Liberty Times: Could you explain in detail how you were detained in China?
Bruce Chung (鍾鼎邦): I have relatives in China and I had made multiple visits to see them prior to 2003. After I joined the Falun Gong in 2003 I helped to ship equipment capable of hijacking Chinese TV signals, I felt that it was no longer safe for me to visit China.
Just this year, my late father’s former wife said she missed me very much and asked me to visit. I thought that given the fact that it had been many years since I had shipped the equipment things should have died down a bit, so I agreed to go. I did not expect such an event to occur.
Photo: Chang Chia-ming, Taipei Times
I arrived in Jiangxi Province’s Ganzhou in mid-June and after my trip was over, I was ready to board a plane to Shenzhen in order to catch a flight to Hong Kong and from there to travel back to Taiwan when I was stopped by airport personnel who said there were issues with my luggage.
They took me into a room occupied by seven or eight personnel from the Ganzhou branch of the Ministry of State Security. They simply told me that I had done things to endanger national security and were taking me away.
Despite telling them such an action was akin to kidnapping and is forbidden, they still took me to the ministry’s Ganzhou reception center where I was kept under surveillance for 53 days until I was allowed to return to Taiwan.

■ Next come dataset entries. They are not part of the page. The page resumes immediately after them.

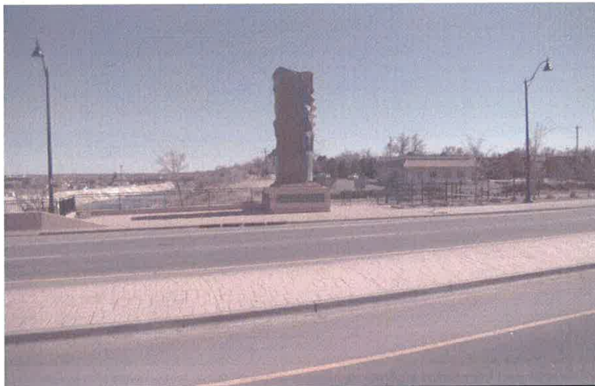
View southwest from eastbound State Highway 96 on the 4 th Street Bridge. Straight ahead is the Corona Park Historic District on the right side of the river.
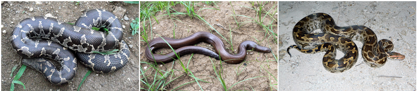
Fig. 3. Common Sand Boa ( Eryx conicus ) from Manegaon Village, Lakhani Tehsil (left). Red Sand Boa ( Eryx johnii ) from the Bhandara–Ramtek Road, Tumsar Tehsil (center). Indian Rock Python ( Python molurus ) from Tamaswadi Village, Tumsar Tehsil (right).

79°51'23.14"E) at Manegaon in Lakhani Tehsil on 21 July 2014; (8) two adult Green Keelbacks ( Rhabdophis plumbicolor ) attempting to swallow one another near Belgota Village in Pauni Tehsil (20°46'39.95"N, 79°38'21.38"E) on 5 October 2013; (9) a live Olive Keelback ( Atractium schistosum ) trapped in a fishing net in a pond at Sawargaon in Lakhandur Tehsil (20°43'35.72"N, 79°52'20.99"E) on 28 February 2015; (10) a Saw-scaled Viper ( Echis carinatus ) feeding on a frog on 13 September 2014 in Teak leaf litter in the Davezari Village area in Tumsar Tehsil (21°27'02.51"N, 79°47'19.20"E); (11) a Slender Coralsnake ( Calliophis malanurus ) regurgitating a Brahminy Blindsnake ( Indotyphlops braminus ) in an open sewage line on 21 April 2013 at Paraswada Village in Mohadi Tehsil (21°20'26.39"N, 79°43'32.07"E); (12) a Common Indian Krait ( Bungarus caeruleus ) feeding on a Common
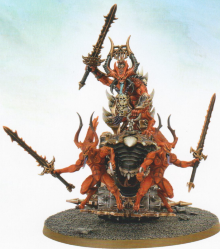
Blood Throne of Khorne
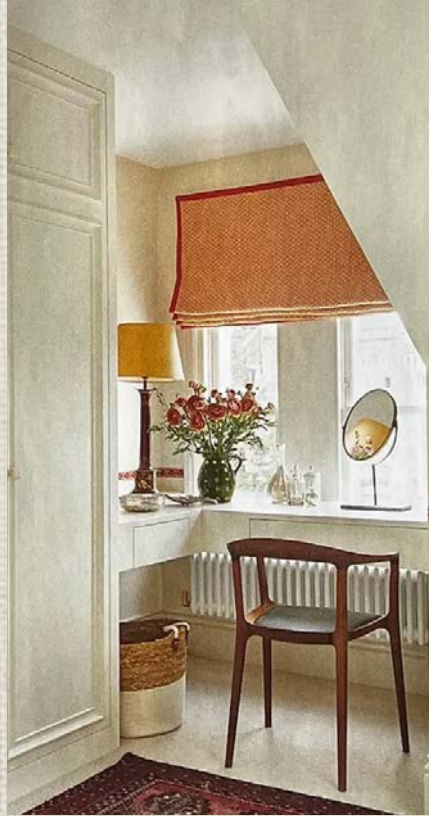
A blackout linen blind in a dressing area
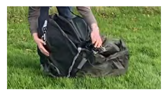
5. Lay the toilet tent onto its side
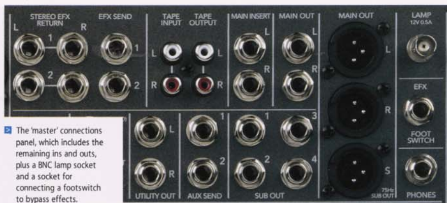
2 The 'master' connections panel, which includes the remaining ins and outs, plus a BNC lamp socket and a socket for connecting a footswitch to bypass effects.

Each of the four Sub faders has Left and Right assign buttons for routing it into the main mix, as mentioned earlier, and there are also Sub output jacks that may be used for

On the first day, I demanded to see my lawyer and told the ministry personnel to contact my family and tell them where I was being held, but when they refused to heed my demands and did not offer any legal assistance, I sought to express my protest through a hunger strike.

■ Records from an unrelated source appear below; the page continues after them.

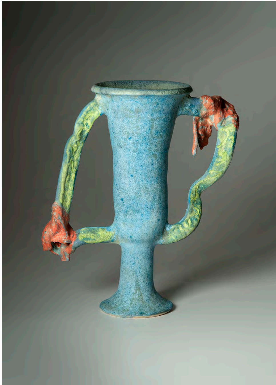
Alice Hohenberg Federico It's About "Time" (#1813), 2018 Cone 6 stoneware 14.5 x 12.5"
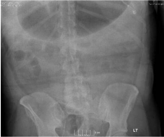
Figure 2. Initial abdominal X-ray demonstrating gastromegaly
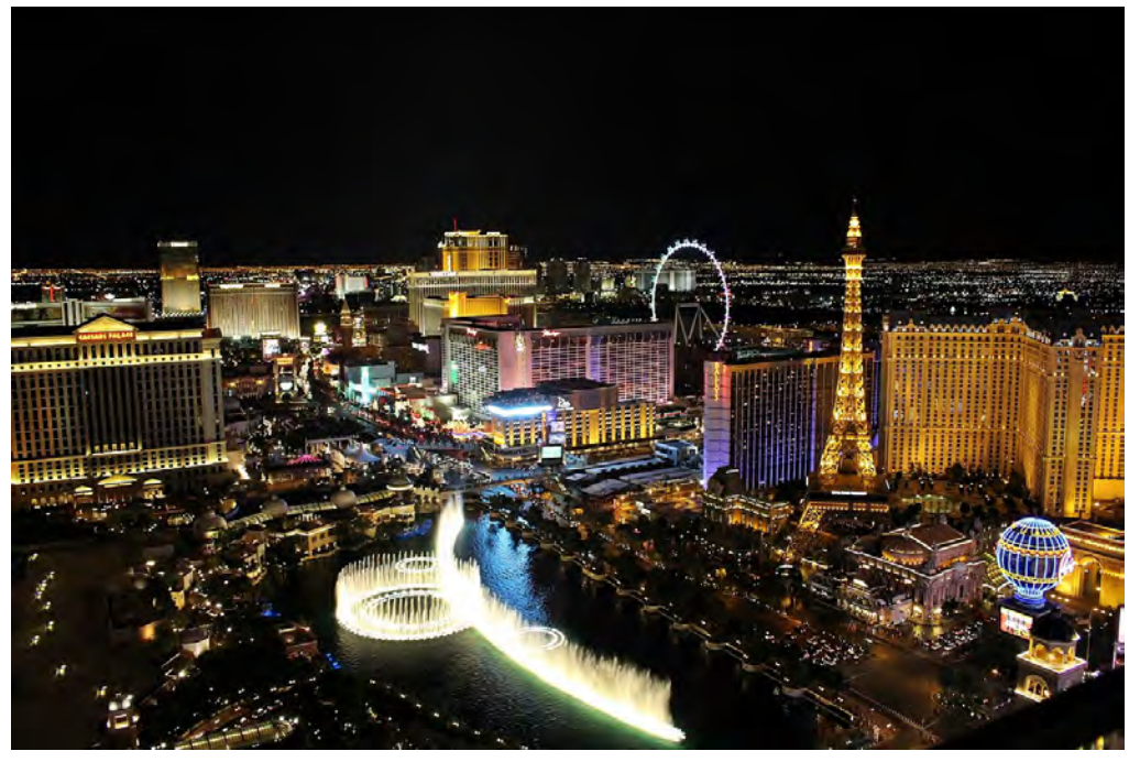
Night Skyline of the Las Vegas Strip
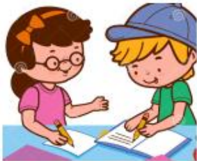
Check your work
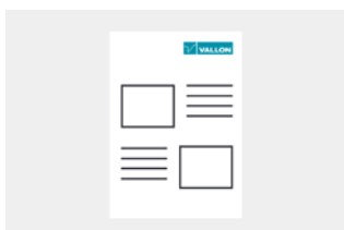
Field manual VMXC1-3 Item No. 2902530009
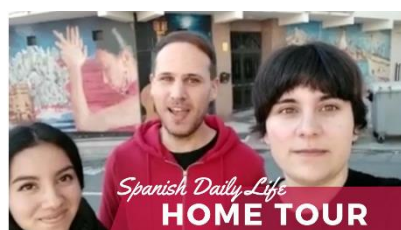
Spanish Home Tour
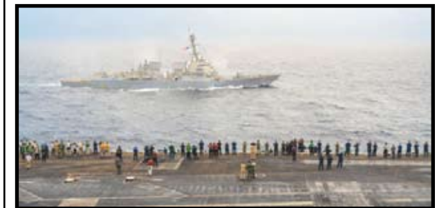
AT SEA (May 25, 2026) Trinidad and Tobago government and military distinguished visitors observe from aircraft carrier USS Nimitz as destroyer USS Gridley fires her five-inch gun during a naval power demonstration. Nimitz is deployed as part of Southern Seas 2026.
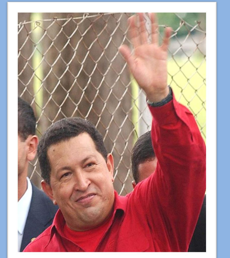
Hugo Chavez President of Venezuela 1999-2013
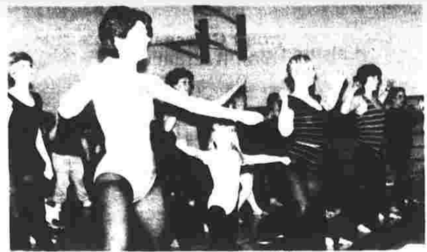
If it's recreation, it's FUN!
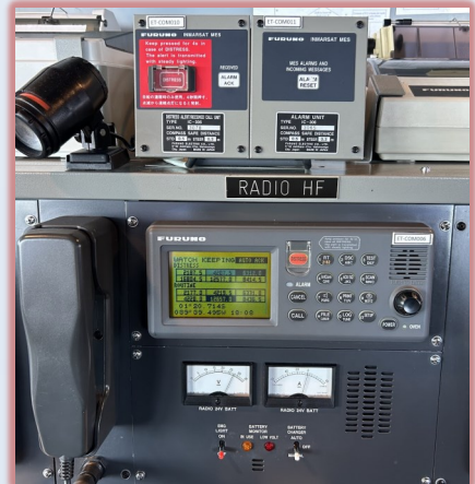
HF radio used to communicate between crew and ports

I was finally able to meet with my niece from Ganzhou on the second day. However, they also agreed that night to let me call Taiwan and inform my family where I had been taken.
Despite this concession, for the duration of the period afterward and even during long hours of questioning, there were no lawyers present.
At the reception center, ministry personnel divided themselves into five shifts per day, with two people on each shift monitoring me. This surveillance continued into the night and I was told I was not to lock the door when I was bathing or using the toilet.
Though they did not physically hurt me during their questioning, there were other measures. For instance, they originally gave me a chair with a seated back, but after I refused to answer their questions, they brought in a stool. After they changed the chair, a large man — who exuded aggression — rushed in and threatened that if I continued to act like this, they could worsen my accommodation and treatment.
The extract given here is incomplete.